Liberty Matters
Searching for Liberty in the Age of Jackson
I would like to thank Liberty Matters for the opportunity to discuss William Leggett, and Dr. Magness for an excellent summary of Leggett's life, his anti slavery stance, and his critique of state intervention in the economy. Magness does credit to Leggett's positions and offers some useful suggestions for problematizing an emerging literature that, under the title of a "new history of capitalism," has sometimes tended to conflate capitalism and slavery. As someone whose early work lies at the fringes of that debate, I am eager to see how that part of the conversation plays out and will add my two cents in a moment.
To begin, however, I would like to amplify Magness's point about Leggett's uniqueness in his own day and by extension the challenge for those seeking to understand capitalism or find intellectual coherence within Jacksonian-era political economic thought. Leggett's commitment to radical laissez-faire principles led him to believe that government activity should be strictly limited to defending property and public safety. He opposed the common practice of state-declared days of Thanksgiving.[31] Officials stymieing of white abolitionists' free speech led him towards an antislavery position, but he evidenced real sympathy for the "poor bondsman." These ideas resonated with British abolitionists and free-traders like Cairnes, the Mills, Cobden, and Bright. They also foreshadowed later Republican criticisms of a Slave Power. As Magness notes, however, in 1830s America these stances led to shunning by the Jacksonian establishment. Leggett might, then, be understood and appreciated as something of a political outlier.
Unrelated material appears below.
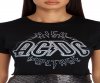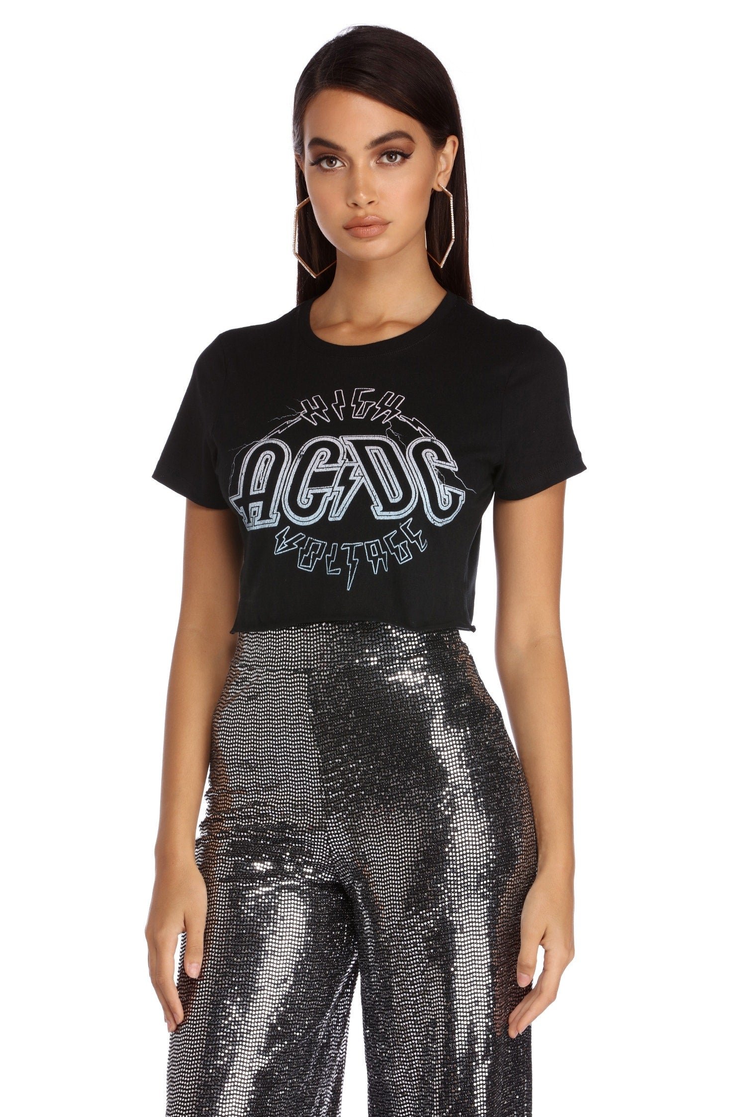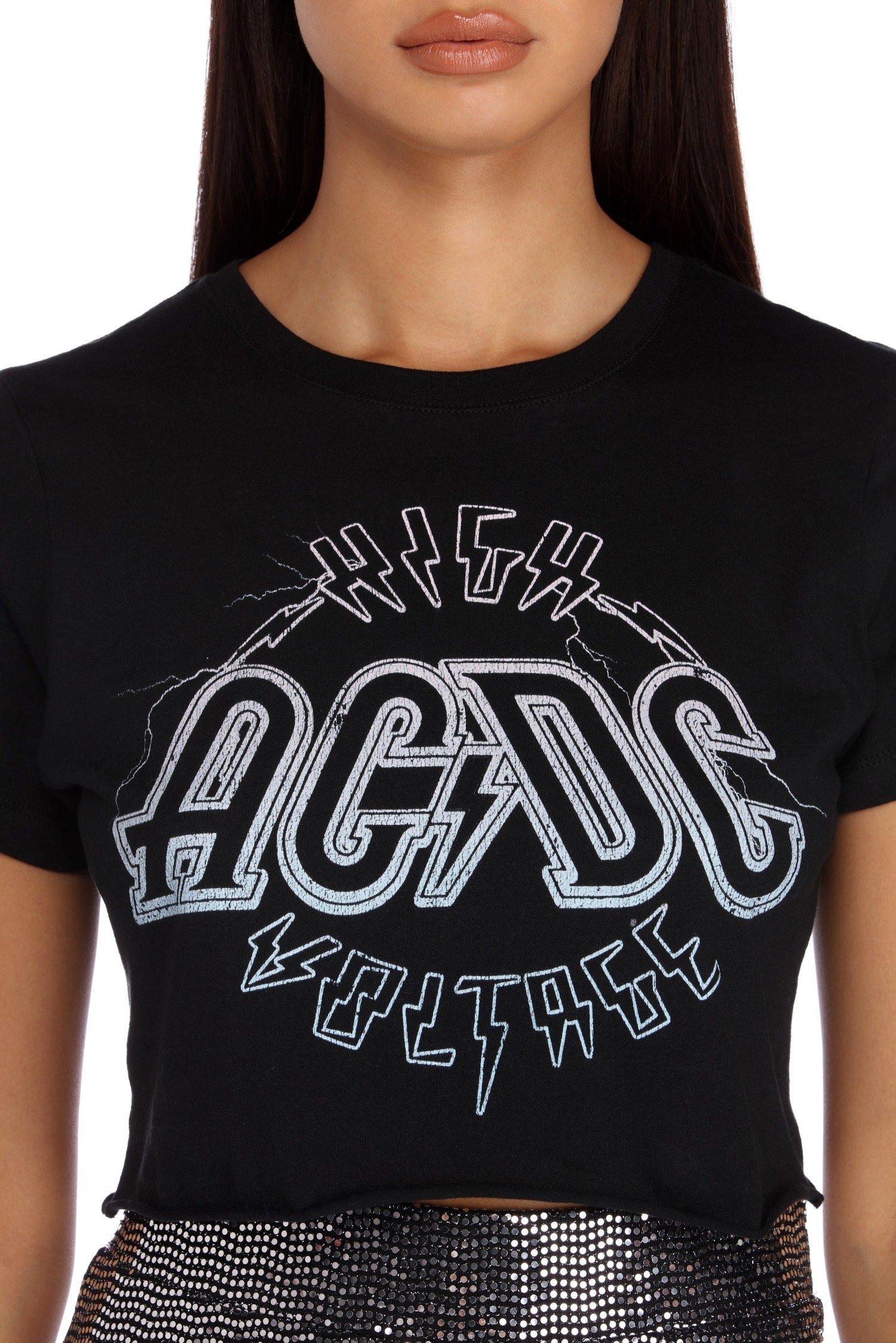Get lost in that high voltage rock 'n' roll! This cute AC/DC tee has a basic crew neck paired with short sleeves and a cropped, raw hem. The graphic tee is composed of a basic knit that offers plenty of stretch and features a High Voltage AC/DC graphic print.

Majorities in both parties believed in some legitimate role for government economic intervention. Even Jacksonian party founder Martin Van Buren helped usher through high tariff rates in the late 1820s, if for partisan rather than principled ends. Federal funding for internal improvements actually grew during Jackson's presidency. Whigs and Democrats alike made compromises that continued the ultimate abuse of government power—local, state, and federal laws sanctioning and even expanding slaveholders' professed "right" to own other persons as property. That Leggett bucked that trend is admirable; that he was alienated in his own day for doing so is revelatory. Alas, racism and self-interest made it hard to find mainstream heroes consistently voicing the liberal cause.
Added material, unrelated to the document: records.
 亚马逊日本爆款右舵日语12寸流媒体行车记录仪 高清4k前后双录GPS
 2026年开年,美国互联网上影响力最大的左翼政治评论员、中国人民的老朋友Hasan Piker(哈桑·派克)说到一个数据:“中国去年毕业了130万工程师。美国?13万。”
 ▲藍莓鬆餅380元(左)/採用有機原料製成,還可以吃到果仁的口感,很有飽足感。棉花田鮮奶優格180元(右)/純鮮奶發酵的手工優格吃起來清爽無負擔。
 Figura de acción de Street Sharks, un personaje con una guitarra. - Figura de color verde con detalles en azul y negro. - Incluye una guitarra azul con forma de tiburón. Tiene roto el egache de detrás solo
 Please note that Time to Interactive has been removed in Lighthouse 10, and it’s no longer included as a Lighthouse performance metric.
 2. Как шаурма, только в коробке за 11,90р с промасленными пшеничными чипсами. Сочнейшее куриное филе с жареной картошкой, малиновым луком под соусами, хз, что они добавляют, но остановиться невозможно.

Leggett wasn't always seen as an outlier. He—and the ideas he represented—seemed more typical as told by 20th- century consensus and progressive-era histories written by author s less concerned with slavery. Leggett's vehement opposition to bank privilege and his support for the laboring class fit rather neatly into progressive narratives, which highlighted class conflict. Leggett's call for "a combination of the laboring classes in vindication of their political principles, or in defense of their menaced rights,"[32] positioned him nicely for a leading role in Arthur Schlesinger Jr.'s 1945 The Age of Jackson. For scholars more struck by the era's consensus, like Louis Hartz, Leggett illustrated a "common liberalism" that stressed individualism and property rights. Hartz also identified Leggett as an archetypal American who attacked "parasitic 'aristocrats' and exploitative 'capitalists.'"[33] For Hartz, as for Schlesinger, Leggett appears as a democratic critic , rather than a promoter, of "capitalism," a characterization that might usefully raise the question of what it means to be pro- or anti capitalist in the 1830s, the 1940s, or today.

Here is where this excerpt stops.